Laura Pincus, MD, is the Co-Director of the Cutaneous Lymphoma Clinic at the University of California, San Francisco. She presented an overview of treatment of cutaneous lymphoma and new therapies update. Conventional treatments for limited disease (patch stage CTCL) include topical steroids and topical nitrogen mustard, and treatments for widespread disease (patch/plaque stage CTCL) include
s narrow-band UVB and PUVA. Systemic therapies are needed in tumor stage disease, as skin-directed therapies are ineffective. These systemic therapies include radiotherapy, bexarotene, methotrexate, ECP, and chemotherapies. New treatments are targeted therapies against specific genetic mutations. Such mutations include aberrancies in T-cell receptor signaling, JAK/STAT pathway, NK-kB pathway, and epigenetic alterations. In her second lecture, Dr. Pincus discussed how to evaluate an erythrodermic patient to exclude CTCL. Dr. Pincus presented several case reports, which outlined her algorithm in the evaluation of these patients. She also presented a detailed differential diagnosis for adult erythroderma. Evaluation of adult erythroderma includes a detailed examination of the skin, peripheral blood, and lymph nodes. Dr. Pincus emphasized caution with TNF inhibitors in the setting of erythroderma and the use of PD-1 as a potentially helpful immunomarker.

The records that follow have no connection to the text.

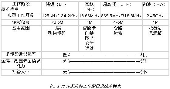 RFID系統(tǒng)的工作頻段可以為低頻(LF)(30-300kHz,典型頻率有125 kHz,134.2 kHz)、高頻(HF)(3-30MHz,典型頻率為13.56M Hz)、超高頻(UHF)(300-968MHz,典型頻率869.6MHz、915.3MHz)、微波(MW)(2.45-5.8GHz,典型頻率為2.45GHz)等四個(gè)頻段,具體的頻點(diǎn)由各個(gè)國家或地區(qū)的無線電管理部門確定。根據(jù)不同的工作頻段,在無源的情況下,其技術(shù)特點(diǎn)和應(yīng)用范圍也不同,如下表所示:
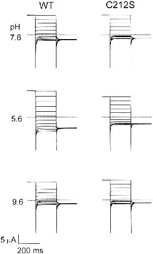 Figure 3. External pH effect on the macroscopic current of the WT and the C212S mutant. The recording traces at different pH were from the same oocyte. Voltage protocols are the same as in Fig. 2 A except that a maximal depolarizing test voltage of +80 mV was used. Dotted lines are the zero current level. |
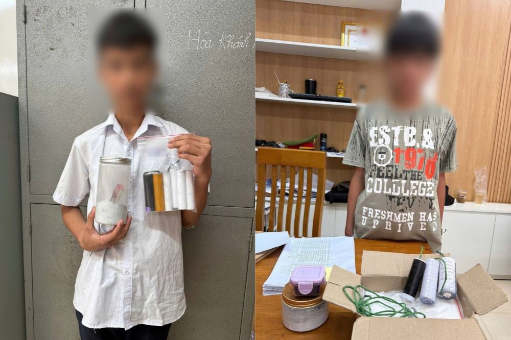 Ngày 27.1, Công an TP Đà Nẵng cho biết, qua theo dõi, Công an phường Hoà Khánh phát hiện 2 học sinh tại 1 trường THCS trên địa bàn là em N.Đ.N.H (sinh năm 2014) và em T.Đ.B (sinh năm 2013) có hành vi tàng trữ nguyên liệu và tự chế tạo pháo nổ xuất phát từ việc xem và làm theo các video hướng dẫn trên mạng xã hội với suy nghĩ đơn giản là “mang lên trường đốt chơi”.
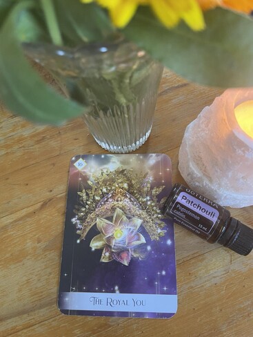 Paired with patchouli essential oil, this energy gets beautifully grounded. Patchouli helps you reconnect with your body, easing emotional tension and bringing you back to your center. It’s the perfect oil to help you stay grounded while stepping into your self-confidence. As it relaxes and decompresses you emotionally, it also realigns you with your spiritual mission, helping you walk your path with purpose and clarity. Together, this card and oil remind you to own your power, stand firm in your truth, and lead from the soul.
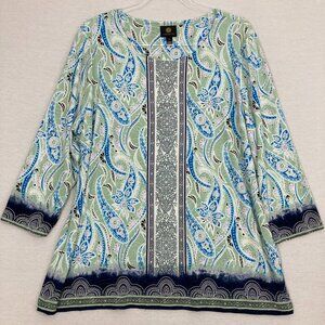 JM Collection Blue Green Floral Stretch Knit 3/4 Sleeve Comfy Top XL
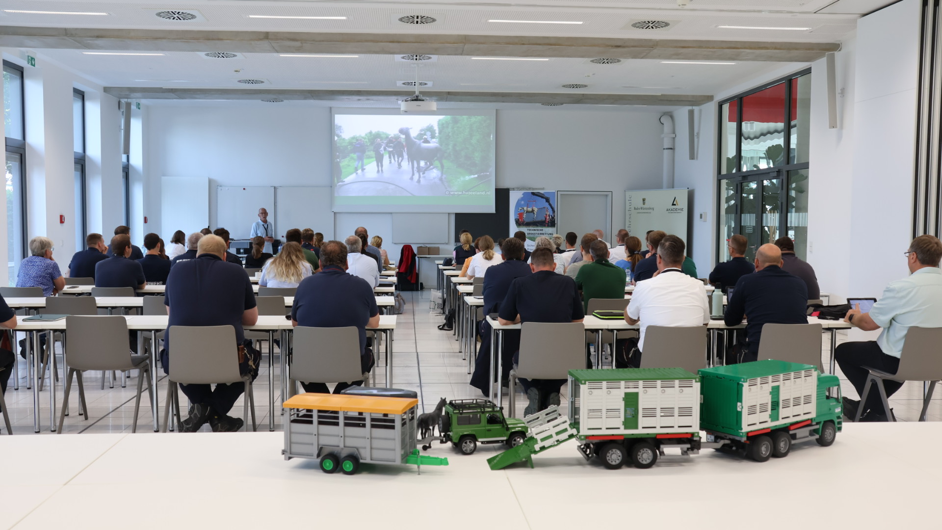 Im Juni haben sich erstmals Feuerwehrkräfte und Amtstierärzte aus ganz Baden-Württemberg zu einem Seminar „Großtierrettung – Zusammenarbeit von Feuerwehr und Amtstierärzten im Einsatz" an der Landesfeuerwehrschule Baden-Württemberg für Gefahrenabwehr getroffen.Bei der konkreten Themenstellung dieses Seminars „Rettung von Großtieren“ erfolgte die Planung und Durchführung des Seminars in Kooperation mit der Akademie der Landesfeuerwehrschule Baden-Württemberg.

Jennifer Fu, MD, is a Mohs surgeon and clinical faculty in the Hair Disorders Clinic at UCSF. She presented an update on treatment of alopecia areata. She discussed a paradigm shift in how we view the pathogenesis of alopecia areata and new therapeutic modalities. Alopecia areata is now seen as a disorder of immune privilege collapse leading to pathogenic hair follicle cycling in the genetically predisposed individual. New targeted treatments include oral JAK inhibitors, which can result in near-complete, but non-durable, regrowth of hair. In her second lecture, Dr. Fu presented an update on cicatricial alopecia and the rising incidence of frontal fibrosing alopecia. She discussed pearls on how to optimize clinical evaluation/progression and treatment of these patients.
Drew Kurtzman, MD, is the Director of the Connective Tissue Disease Clinic at the University of Arizona. Prior to joining the faculty in 2016, he completed a fellowship at Brigham and Women’s Hospital in Dermatology-Rheumatology. Dr. Kurtzman presented pearls for diagnosis and management of challenging autoimmune connective disease cases, including cutaneous lupus erythematosus, dermatomyositis, and sclerosing skin conditions. In his second lecture, Dr. Kurtzman shared pearls for treating refractory cutaneous dermatomyositis, how to recognize cutaneous signs of rheumatologic diseases, and how to formulate a differential diagnosis for sclerosing disorders. He also reviewed therapies for Raynaud’s phenomenon.
PDA would also like to extend special thanks to AbbVie, Celgene, and Valeant for their sponsorship and support of the event. We look forward to a return to the desert for our next Spring Training in April 2018.